Tags vs Inheritance

Hello and first of all thank you for this fantastic course!

Question is about Section 5 : Block Breaker of the Unity 2D course.

I have a little bit of object-oriented programming knowledge and was wondering how to use inheritance instead of using tags for the different types of blocks.

I’ve researched the course Q&A, and I know inheritance is not on the agenda, but I’d still like to understand how it could work.

I know I could have the Block class, and then the BreakableBlock class that would inherit from Block (and implement OnCollisionEnter2D ).

Could someone simply explain to me how I could do this with the example of blocks? While keeping the simplicity of prefabs and drag and drop. I can’t wrap my head around it !

Thanks in advance !

Hi,

Welcome to our community! :slight_smile:

Inheritence is not covered in this course. However, if you know how to make classes inherit in C#, you could write a base class for the blocks and make the other block classes inherit from that class. It’s not complicated.

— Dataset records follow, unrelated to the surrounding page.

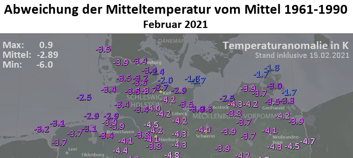Die Mitteltemperaturen für den Februar 2021 liegen mit Stand vom 15.02. bei minimal -5,2°C in Grambow-Schwennenz und max. -1,5°C auf Hiddensee und am Kap Arkona. Die folgende Karte zeigt die Abweichung vom Klimamittel der Periode 1961-1990 für den Gesamtmonat Februar am jeweiligen Standort. Wäre der Monat nun zu Ende, ließe sich ein Minus/ negative Abweichung von -2 bis -3 K entlang der Ostseeküste und sogar von knapp -5 K im äußersten Südosten vermelden. Dort wäre der Februar also rund 5°C zu kalt ausgefallen. Nun stehen allerdings noch die Hälfte aller Februartage bevor und die Zeichen stehen auf (fast schon frühlingshaft) mild, sodass sich die Durchschnittstemperatur noch dem Klimamittel annähern wird.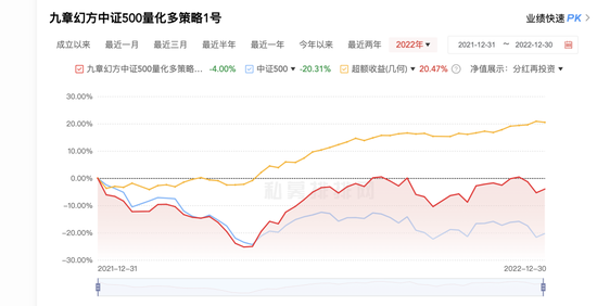 私募排排网的数据显示,截至2022年12月底,百亿私募数量为112家,其中有业绩展示的私募管理人为92家,2022年平均收益率为-7.16%;26家私募赚钱,正收益百亿私募占比26%。幻方量化以0.38%的正收益位列第24位。代表产品九章幻方中证500量化多策略1号2022年收益率-4%,超额收益率20.47%。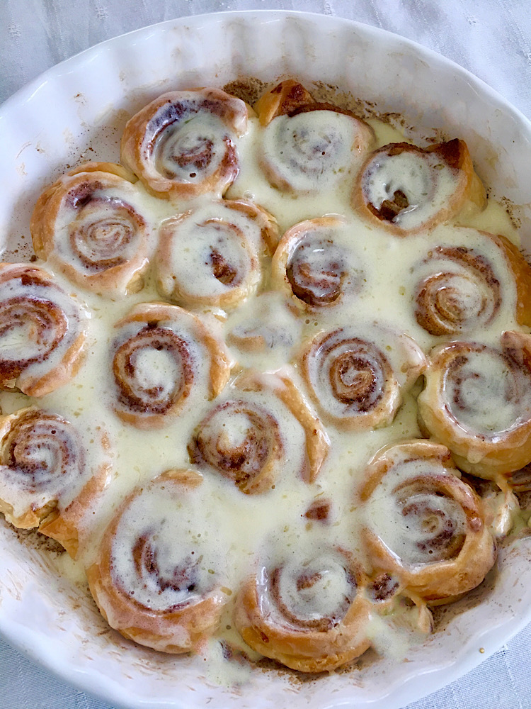 Kaneelbroodjes van bladerdeeg (cinnamon rolls)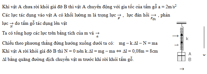 Một con lắc lò xo thẳng đứng gồm vật nặng khối lượng m = 1kg và lò xo có độ cứng k = 100N/m. Vật nặng được đặt trên giá đỡ nằm ngang sao cho lò xo không biến dạng. Cho giá đỡ đi xuống không vận tốc ban đầu nhanh dần đều với gia tốc a = g/5 = 2m/s2. Chọn phương án đúng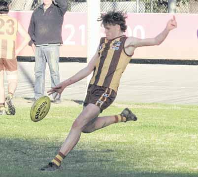 PHOTO: Kurt Hickling LEADER OF THE PACK: Luke Pensak gets some air time as he boots the ball clear of the contest.

Prefabs don’t have anything to do with your idea. You could simply assign our BreakableBlock class to the prefab or game object. Just make sure the Block class inherits from MonoBehaviour.

You can find tutorials on Youtube.

Please feel free to ask our helpful community of students for advice in our official Discord chat.


See also:

Thank you Nina for this quick answer ! I’ll watch the video you provided closely :slight_smile:

Yeah I know how to do that :wink:

My question was more of a “How can I make this work with prefab” :

So, if I create this BreakableBlock class, transfer all the code I think belongs to BreakableBlock from Block, and then create my “BreakableBlock” prefab, do I have to attach both scripts to it? Block AND BreakableBlock? Or does the simple fact of attaching BreakableBlock also implicitly give me access to, for example, the [SerializedField] of the Block class?

A prefab is nothing but a game object which exists as a file in your Assets folder. Unlike objects in your scene, it’s not in your scene. That’s all.

Since BreakableBlock inherits from Block, there is no need to attach an additional Block object. BreakableBlock objects are also Block objects, extended Block objects. The Block class must inherit from MonoBehaviour. Then BreakableBlock inherits from MonoBehaviour, too, and you can use [SerializeField].

Test it with a single field. Then extend your Block and BreakableBlock classes as needed.